Quase todos concordam que o filme é bem feito. Mas há críticas pelo fato da diretora ter alterado uma fotografia que de dois militantes mortos pela repressão em São Paulo, num episódio que ficou conhecido como Chacina da Lapa. A diretora eliminou duas armas que apareciam na cena do crime sem avisar o espectador da adulteração, mas tem a seu favor o argumento de que aquelas armas foram 'plantadas' junto aos cadáveres pela polícia, fato que justifica que a “fake news” é anterior ao filme que apenas corrigiu uma mentira. A própria Comissão da Verdade, que julgou os crimes da ditadura, trouxe evidências de que a polícia 'plantou' as armas, fato comum em episódios do período.

No meu ponto de vista, “Democracia em Vertigem” tem o mérito de mostrar as relações de poder contaminadas sempre pelas mesmas figuras, como o ex-senador Magno Malta, que foi cabo eleitoral de Dilma e depois ajudou a eleger Jair Bolsonaro – sendo rejeitado após a eleição pelo presidente, não tendo assumido nenhum cargo. Isso evidencia que as mesmas figuras rondam diferentes grupos políticos, com eles fazem alianças, até depois serem ejetados dos círculos que apoiam por alguma razão. Esse comportamento mostra a mesmice da história.

De minha parte, não gosto da narração em primeira pessoa adotada pela cineasta em “Democracia em Vertigem”, a voz não ajuda, soa monocórdica, chega a entediar o espectador.

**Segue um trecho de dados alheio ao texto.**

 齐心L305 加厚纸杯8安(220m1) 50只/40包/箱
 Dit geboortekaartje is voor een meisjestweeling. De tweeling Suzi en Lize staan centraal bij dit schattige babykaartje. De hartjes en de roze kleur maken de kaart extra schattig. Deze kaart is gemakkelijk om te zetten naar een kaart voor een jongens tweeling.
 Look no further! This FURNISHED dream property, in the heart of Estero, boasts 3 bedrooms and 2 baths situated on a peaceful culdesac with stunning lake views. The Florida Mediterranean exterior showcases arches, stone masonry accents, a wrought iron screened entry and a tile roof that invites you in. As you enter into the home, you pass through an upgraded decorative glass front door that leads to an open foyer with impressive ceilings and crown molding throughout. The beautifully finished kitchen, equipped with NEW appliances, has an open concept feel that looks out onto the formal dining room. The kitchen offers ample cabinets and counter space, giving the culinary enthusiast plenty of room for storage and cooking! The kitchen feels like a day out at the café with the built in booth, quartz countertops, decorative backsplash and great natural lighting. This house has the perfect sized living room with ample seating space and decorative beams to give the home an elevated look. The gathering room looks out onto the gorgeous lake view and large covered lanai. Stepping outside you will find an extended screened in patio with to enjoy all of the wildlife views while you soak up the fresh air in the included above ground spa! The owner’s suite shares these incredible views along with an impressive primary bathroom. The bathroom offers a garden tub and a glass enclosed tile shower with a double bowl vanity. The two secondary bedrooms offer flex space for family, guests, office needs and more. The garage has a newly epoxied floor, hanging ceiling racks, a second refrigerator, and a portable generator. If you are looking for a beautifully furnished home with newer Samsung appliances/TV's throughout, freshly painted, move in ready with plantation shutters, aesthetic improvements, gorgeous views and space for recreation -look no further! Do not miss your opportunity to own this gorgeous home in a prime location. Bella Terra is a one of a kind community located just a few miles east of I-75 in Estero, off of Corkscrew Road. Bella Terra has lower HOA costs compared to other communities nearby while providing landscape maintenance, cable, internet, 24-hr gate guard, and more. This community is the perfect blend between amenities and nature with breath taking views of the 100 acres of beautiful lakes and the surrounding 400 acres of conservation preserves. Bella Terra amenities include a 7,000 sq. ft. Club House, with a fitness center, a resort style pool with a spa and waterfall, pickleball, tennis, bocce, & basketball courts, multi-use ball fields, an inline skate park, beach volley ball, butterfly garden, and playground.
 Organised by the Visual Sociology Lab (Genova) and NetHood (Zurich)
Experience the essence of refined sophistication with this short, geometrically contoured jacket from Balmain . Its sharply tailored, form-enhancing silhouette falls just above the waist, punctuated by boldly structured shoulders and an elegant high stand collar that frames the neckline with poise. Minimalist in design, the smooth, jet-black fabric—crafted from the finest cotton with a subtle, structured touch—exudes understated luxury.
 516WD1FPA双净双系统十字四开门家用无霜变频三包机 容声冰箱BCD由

Também não gosto do tom panfletário, mas isso é problema geral dos documentários políticos – à esquerda e à direita. Todos adotam o mesmo tom, figurando mais como uma peça de convencimento dos fatos do que um registro histórico que requer uma visão crítica ...para ser uma visão histórica.

Mas considero o filme uma boa peça de resistência no momento em que precisamos defender o cinema brasileiro de ataques que têm por finalidade a censura de temas considerados indigestos pelo governo. As indicações para a composição da nova diretoria da Ancine sinalizam grossos filtros de censura daqui para a frente. No mais, gostando ou não, trata-se de um documentário brasileiro no Oscar e isso tem valor.

Além deste documentário, o Brasil também será representado por “Dois Papas”, baseado na obra do neozelandês Anthony McCarten e dirigido pelo brasileiro Fernando Meirelles. Um produto híbrido maravilhoso que ainda traz dois atores estrangeiros - Anthony Hopkins e Jonathan Pryce – que dão um banho de interpretação. O filme concorre nas categorias de Melhor Ator (Jonathan Pryce), Melhor Ator Coadjuvante (Anthony Hopkins) e Melhor Roteiro Adaptado.

O fato é que no dia da entrega do Oscar, 9 de fevereiro, quem gosta de cinema estará em casa, roendo as unhas e comendo pipocas, torcendo para que o País brilhe em Los Angeles. O importante é que o Brasil está lá, entre os melhores. Quanto ao Oscar do bate-boca político, com certeza, já é nosso.